What door would I choose? It depends. If I’m in a hurry, really late for a meeting, I’ll pick the door closest to my line of sight – I won’t even see the sign as I rush through the opening. If I’m sleep deprived, worn out or had a very stressful day – I may not notice the sign either, or if I do, I might choose ‘Average’; or I might choose ‘Beautiful’, empowering myself to turn my day around. And if I’m having a good day, feeling confident and happy then I’ll automatically walk through that ‘Beautiful’ door. It’s all about how I feel, what I’m thinking about – not how I look – at that moment.
Apparently, the latest Dove video made the news, some of which was quite critical. I think what surprised me the most was the first and automatic interpretation of ‘beautiful’ and ‘average’ referred to a woman’s perception of their appearance. Do we still describe beauty exclusively in terms of physical attributes associated with photo-shopped models and celebrities in magazines? There’s a line in Shakespeare’s Love’s Labours Lost: Beauty is bought by judgement of the eye. To judge is to view the wholeness of something based on one aspect. Can’t we discern that the magazines entice us to read the articles through make-believe pictures? How many times have you seen a picture of someone and then met them in person and discovered they are totally different? Pictures may be worth a thousand words, but they don’t tell the whole story.

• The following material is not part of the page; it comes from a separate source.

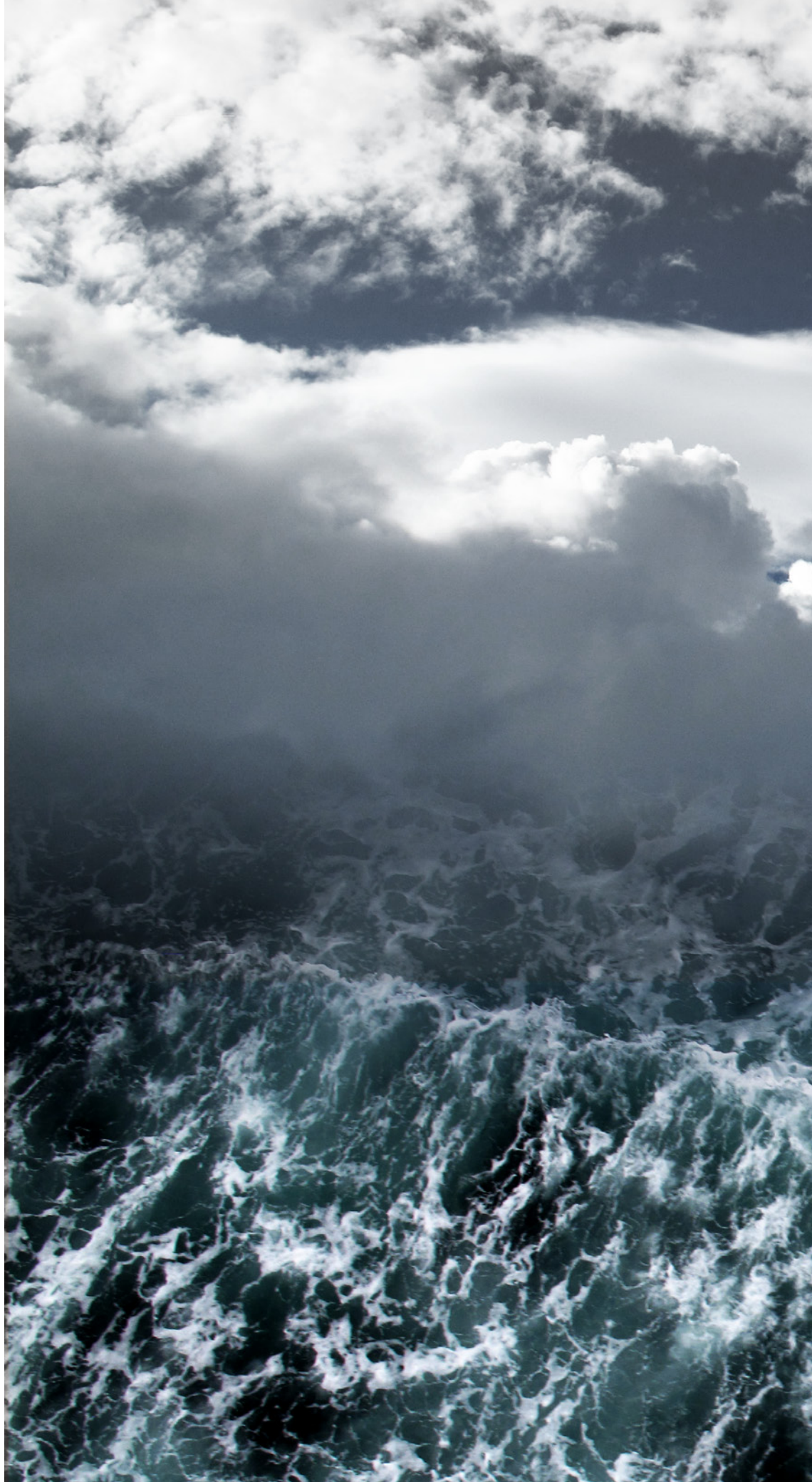
Françoise Tounissoux, Rédemption IV , 2013.

I checked Urban Dictionary for a more contemporary pulse on the definition of beautiful. Here’s a compiled section of what I found:
Beauty is a pure, non-sexual thing. Beautiful is a woman who has a distinctive personality, one who can laugh at anything, including themselves, who is especially kind and caring to others. She is a woman that you can trust and count on to brighten your day. Beauty is something that you don’t know what it is, but you think that person is wonderful.
I believe our definition of beauty has evolved. Beauty is the package – it’s more than just a photograph. It includes the warmth in your heart, your kindness and caring that shine through in your eyes. Smile – and let your beauty radiate from your inside out.